* **AVAILABLE DATA**:
'''
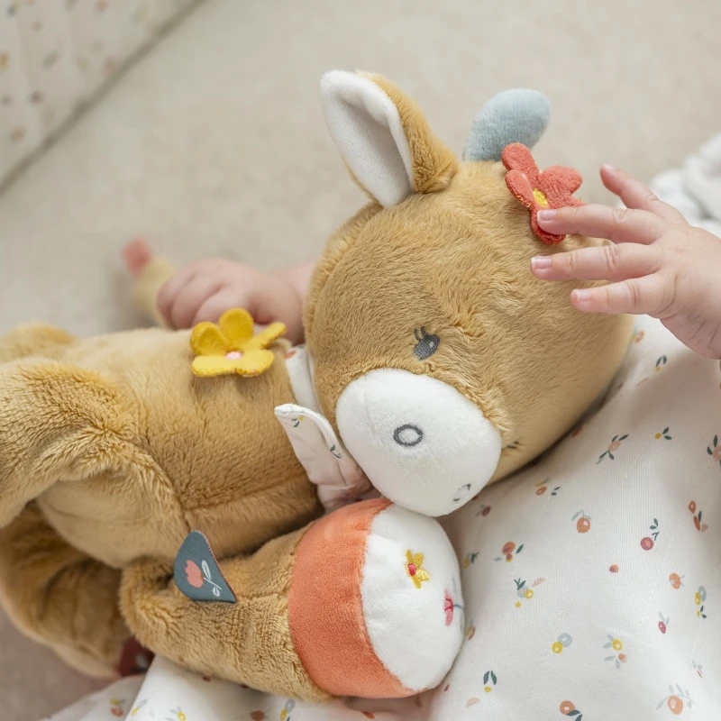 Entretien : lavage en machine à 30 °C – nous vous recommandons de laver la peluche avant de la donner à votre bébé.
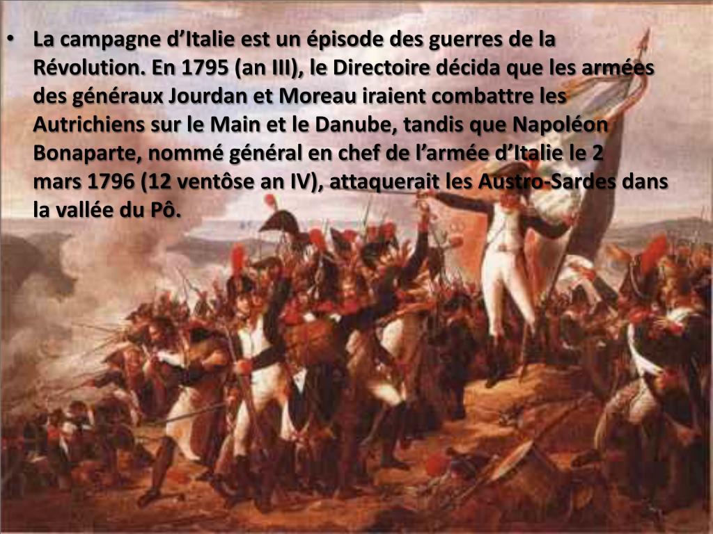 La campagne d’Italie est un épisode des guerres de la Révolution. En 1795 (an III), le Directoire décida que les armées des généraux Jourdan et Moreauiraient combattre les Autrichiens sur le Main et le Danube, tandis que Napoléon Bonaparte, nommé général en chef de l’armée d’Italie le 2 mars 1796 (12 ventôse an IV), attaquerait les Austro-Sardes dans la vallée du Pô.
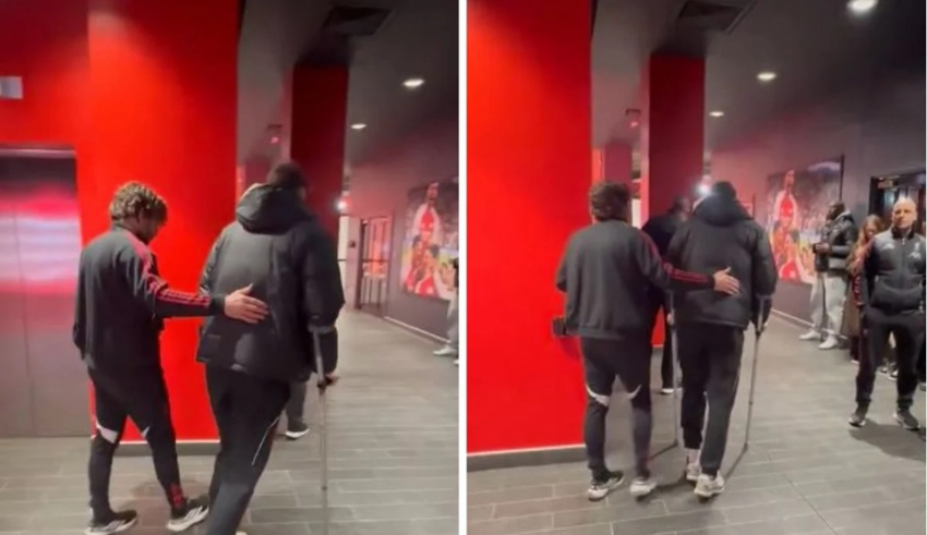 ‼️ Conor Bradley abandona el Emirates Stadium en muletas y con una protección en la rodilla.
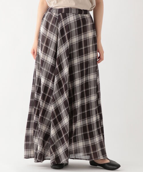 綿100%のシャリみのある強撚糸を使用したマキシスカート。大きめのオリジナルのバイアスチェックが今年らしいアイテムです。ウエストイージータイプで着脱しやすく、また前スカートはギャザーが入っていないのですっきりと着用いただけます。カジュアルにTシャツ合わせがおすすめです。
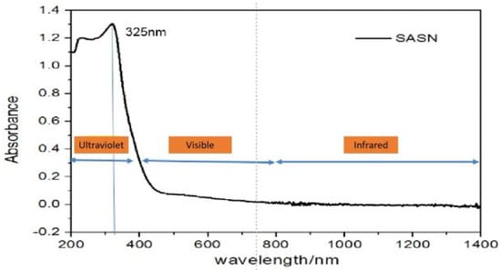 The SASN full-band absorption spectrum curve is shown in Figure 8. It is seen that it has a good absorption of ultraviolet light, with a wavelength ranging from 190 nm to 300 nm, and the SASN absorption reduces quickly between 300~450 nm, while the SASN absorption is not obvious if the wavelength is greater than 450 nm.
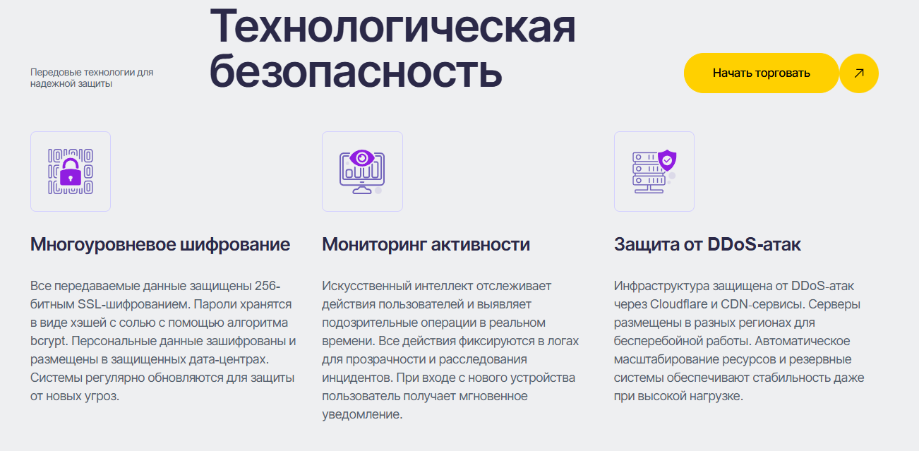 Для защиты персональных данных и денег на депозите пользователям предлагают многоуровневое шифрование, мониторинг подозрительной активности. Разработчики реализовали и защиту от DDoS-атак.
'''
'''
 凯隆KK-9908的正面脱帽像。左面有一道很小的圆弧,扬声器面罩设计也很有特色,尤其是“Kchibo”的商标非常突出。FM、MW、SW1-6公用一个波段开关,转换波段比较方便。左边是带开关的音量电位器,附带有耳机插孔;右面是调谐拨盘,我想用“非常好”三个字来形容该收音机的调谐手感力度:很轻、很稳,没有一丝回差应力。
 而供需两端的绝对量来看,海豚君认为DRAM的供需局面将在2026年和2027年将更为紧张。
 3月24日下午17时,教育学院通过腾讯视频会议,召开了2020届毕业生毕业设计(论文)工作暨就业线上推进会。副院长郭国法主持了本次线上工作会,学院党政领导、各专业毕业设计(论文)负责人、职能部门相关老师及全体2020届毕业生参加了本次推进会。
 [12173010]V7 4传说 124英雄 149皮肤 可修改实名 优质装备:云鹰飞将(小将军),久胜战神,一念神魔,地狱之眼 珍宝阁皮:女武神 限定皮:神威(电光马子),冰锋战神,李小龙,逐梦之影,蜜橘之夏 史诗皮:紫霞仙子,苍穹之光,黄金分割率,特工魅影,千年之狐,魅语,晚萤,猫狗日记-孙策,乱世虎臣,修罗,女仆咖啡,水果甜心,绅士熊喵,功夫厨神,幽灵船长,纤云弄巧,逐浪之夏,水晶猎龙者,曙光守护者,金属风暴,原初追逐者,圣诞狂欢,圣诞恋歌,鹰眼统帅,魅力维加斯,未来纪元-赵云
'''
* **ABOUT THIS EXERCISE**:
Although pictures appear among the entries, please set down only the lines from the one with "Entretien : lavage" up to and including the one with "綿100%のシャリみのある強", word for word.

* **COMPLETED TASK**:
 Entretien : lavage en machine à 30 °C – nous vous recommandons de laver la peluche avant de la donner à votre bébé.
 La campagne d’Italie est un épisode des guerres de la Révolution. En 1795 (an III), le Directoire décida que les armées des généraux Jourdan et Moreauiraient combattre les Autrichiens sur le Main et le Danube, tandis que Napoléon Bonaparte, nommé général en chef de l’armée d’Italie le 2 mars 1796 (12 ventôse an IV), attaquerait les Austro-Sardes dans la vallée du Pô.
 ‼️ Conor Bradley abandona el Emirates Stadium en muletas y con una protección en la rodilla.
 綿100%のシャリみのある強撚糸を使用したマキシスカート。大きめのオリジナルのバイアスチェックが今年らしいアイテムです。ウエストイージータイプで着脱しやすく、また前スカートはギャザーが入っていないのですっきりと着用いただけます。カジュアルにTシャツ合わせがおすすめです。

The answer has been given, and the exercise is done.